BEGIN

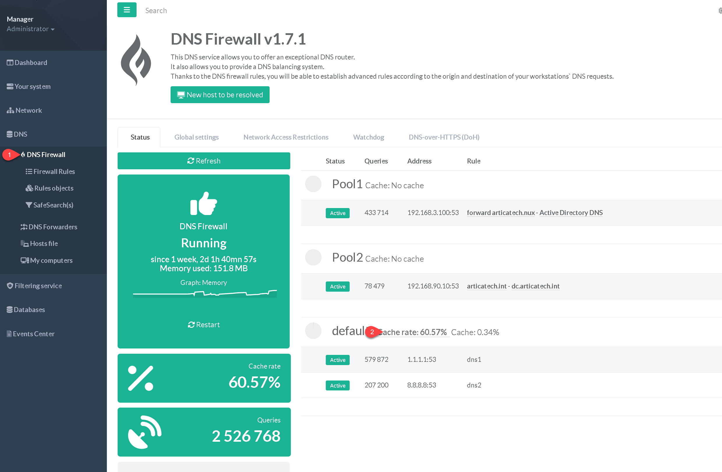 In the left menu, Click on “DNS Firewall” .
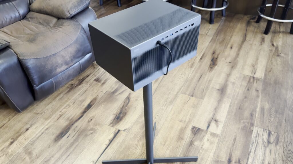 It has a massive range of optical adjustments (more on that in a moment), so it comes without the gimbal that the Horizon 20 did. I still like using the option floor stand, however, as it gets the projector up and helps hide the power cord.
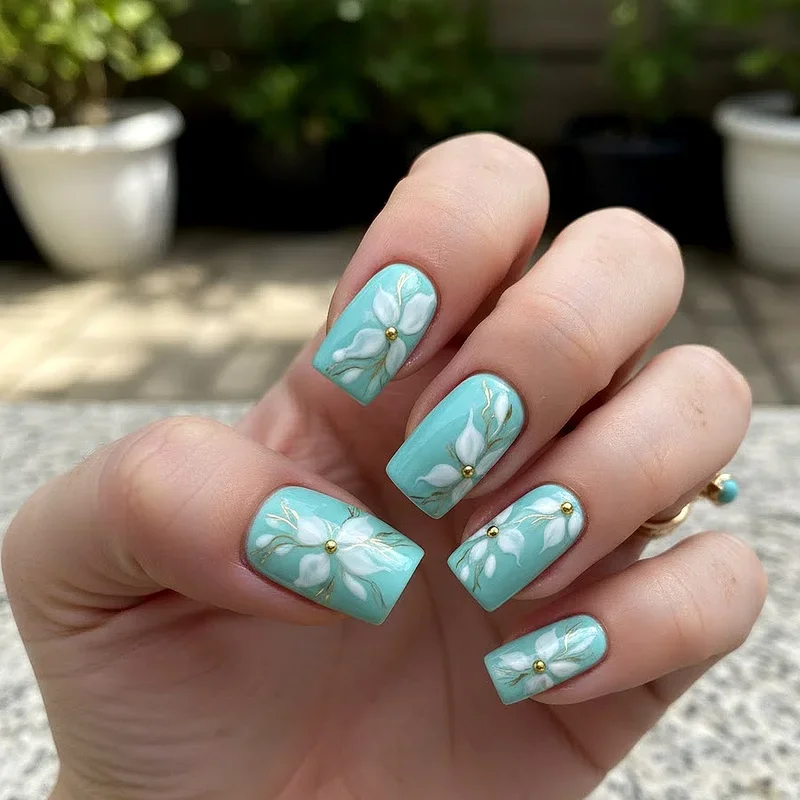 9. Turquoise Floral Nail Art
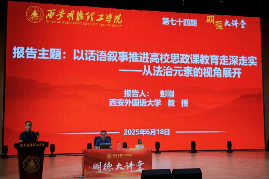 6月18日下午,Ky开元集团第七十四期明德大讲堂在四季廊桥报告厅成功举办。本期特邀西安外国语大学彭刚教授作主题为“以话语叙事推进高校思政课教育走深走实——从法治元素的视角展开”专题讲座。讲座由马克思主义学院副院长惠斌主持,思政课教师及千余名学生共同参加。

END

▶ [ABOUT THIS EXERCISE]
Give again, word for word, every line from the top of the data above to the line holding "9. Turquoise Floral Nail Art", inclusive, with the pictures left out.

▶ [SOLUTION TO THE EXERCISE]
 In the left menu, Click on “DNS Firewall” .
 It has a massive range of optical adjustments (more on that in a moment), so it comes without the gimbal that the Horizon 20 did. I still like using the option floor stand, however, as it gets the projector up and helps hide the power cord.
 9. Turquoise Floral Nail Art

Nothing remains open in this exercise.